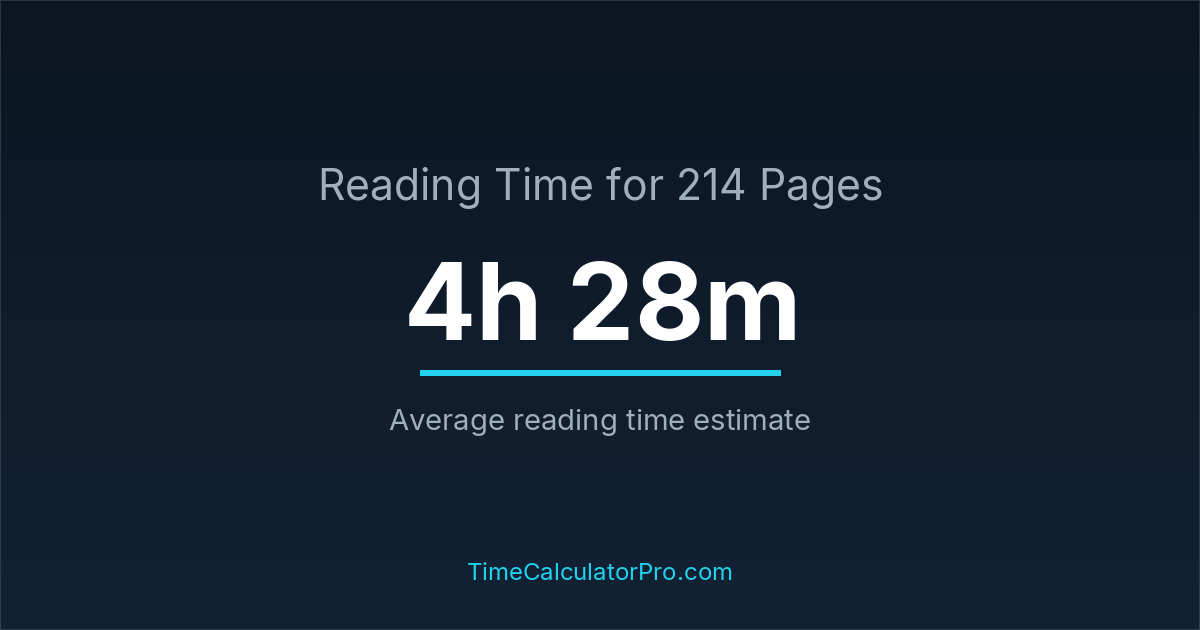 If you read at an average speed of 200 words per minute, reading 214 pages will take approximately 4 hours and 28 minutes. This estimate assumes around 250 words per page, which is typical for most books.
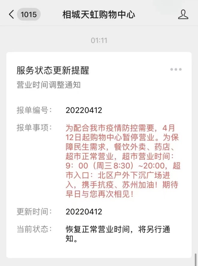 根據(jù)疫情發(fā)展現(xiàn)狀,蘇州動態(tài)調(diào)整升級管控措施,部分商場調(diào)整營業(yè)時(shí)間,大部分商場從4月12日開始暫停營業(yè),僅保留超市及外賣餐飲服務(wù),具體恢復(fù)正常營業(yè)時(shí)間未知。
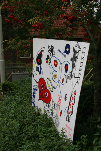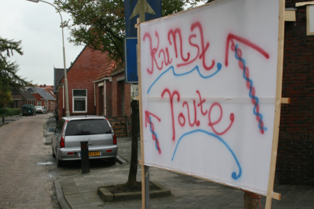 De Nieuwstraat, ondanks de teleurstelling van een opnieuw uitgestelde opknapbeurt, bedacht een KUNSTROUTE met nadrukkelijke inbreng van de kinderen
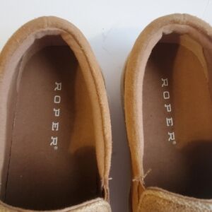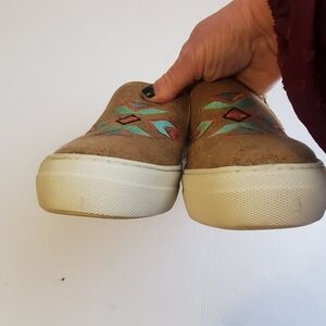 Roper Darcy Aztec .sz 5 1/2. Metallic suede leather. Slip on. Embroidery
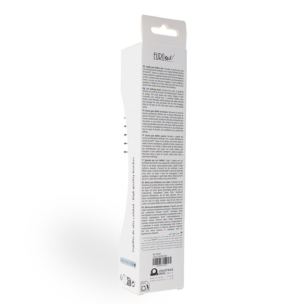 Die EUROStil® Curl Defining Brush ist speziell für die Bedürfnisse von lockigem und welligem Haar entwickelt. Dank ihres ergonomischen Designs und der atmungsaktiven Struktur wird der Luftstrom beim Föhnen optimiert, das Trocknen beschleunigt und Frizz deutlich reduziert.
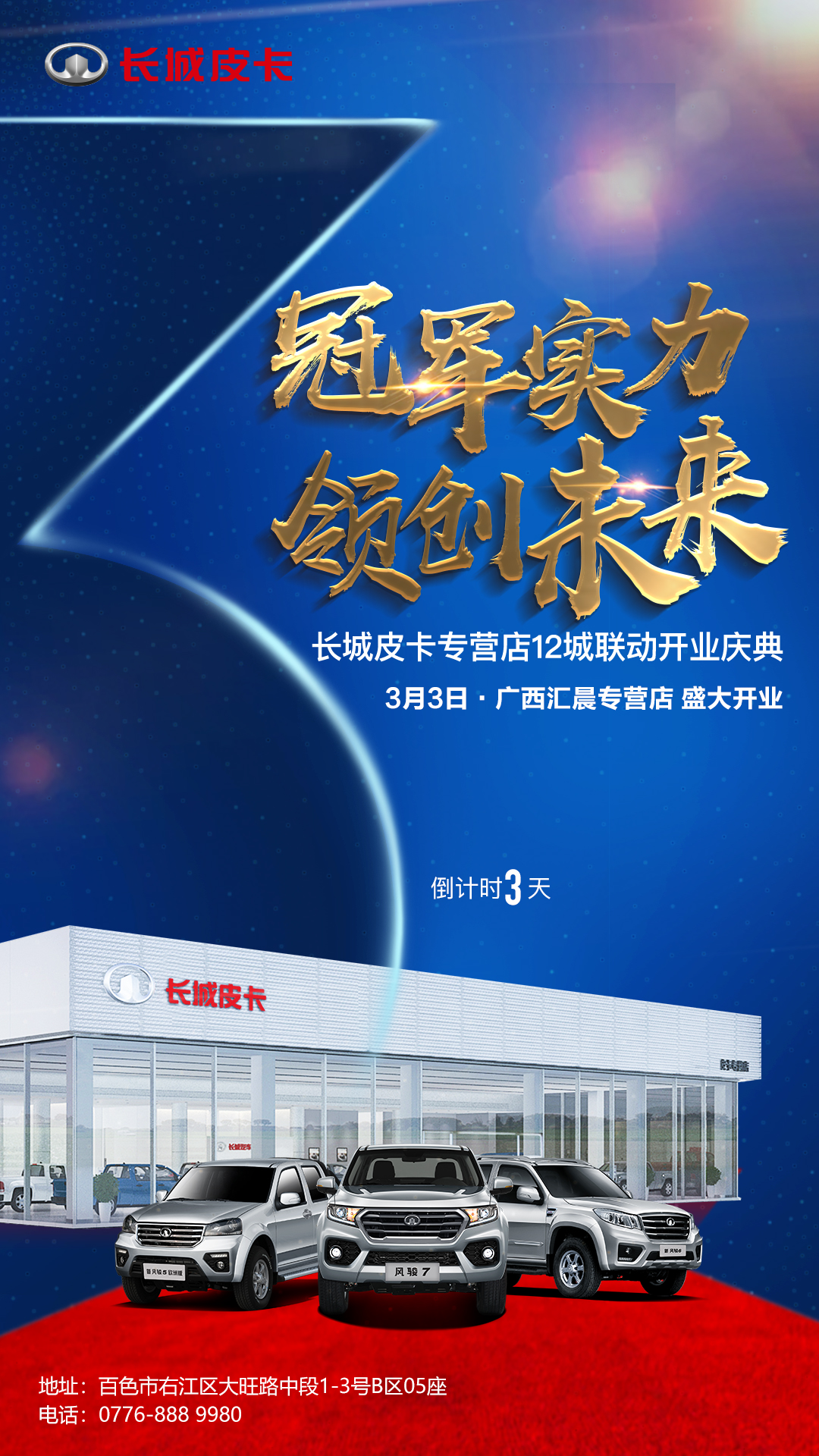 皮卡專屬服務(wù)到來,百色市首家皮卡專營店——廣西匯晨皮卡專營店將于3月3日開業(yè),為皮卡用戶量身打造一站式無憂服務(wù)! 長城皮卡廣西匯晨專營店的開業(yè),一站式解決了皮卡用戶的從選車、購車到用車的需求。皮卡專營店的設(shè)立,為廣大皮卡用戶提供了更便捷、高效、專業(yè)的服務(wù),讓皮卡用戶真正體驗到屬于自己的專屬服務(wù)。另外,專營店還將為用戶提供整車銷售、精品、金融貸款、保險、售后服務(wù)等業(yè)務(wù)于一體的專業(yè)服務(wù),為用戶打造全方位無憂服務(wù)。 此次廣西匯晨皮卡專營店開業(yè),集合風(fēng)駿5歐洲版、經(jīng)典版、新風(fēng)駿6、風(fēng)駿7等多款長城皮卡車型,供不同購車需求的用戶盡情挑選。專營店內(nèi)有專業(yè)銷售人員將為用戶提供全面的車型介紹,讓用戶輕松選擇出最合適自己的長城皮卡車型。 2018年,長城皮卡連續(xù)21年獲得國內(nèi)銷量、出口雙第一,全球累計銷量破150萬量,長城皮卡,實至名歸的國際化皮卡品牌。 據(jù)悉, 3月3日廣西匯晨皮卡專營店開業(yè)當(dāng)天,到店用戶均可享受購車優(yōu)惠(根據(jù)經(jīng)銷商優(yōu)惠活動修改),同時還有精彩節(jié)目和精美茶點。心動不如行動,3月3號廣西匯晨皮卡專營店與你想約,不見不散。 廣西匯晨 長城皮卡專營店 電話:0776-888 9980 地址:百色市右江區(qū)大旺路中段1-3號B區(qū)05座(交安檢測站路口) |
□ □ □ □ □
Work required:
Exactly the lines from the top of the entries through the line with "根據(jù)疫情發(fā)展", inclusive, must be given again, with every picture omitted.

Response area:
 If you read at an average speed of 200 words per minute, reading 214 pages will take approximately 4 hours and 28 minutes. This estimate assumes around 250 words per page, which is typical for most books.
 根據(jù)疫情發(fā)展現(xiàn)狀,蘇州動態(tài)調(diào)整升級管控措施,部分商場調(diào)整營業(yè)時(shí)間,大部分商場從4月12日開始暫停營業(yè),僅保留超市及外賣餐飲服務(wù),具體恢復(fù)正常營業(yè)時(shí)間未知。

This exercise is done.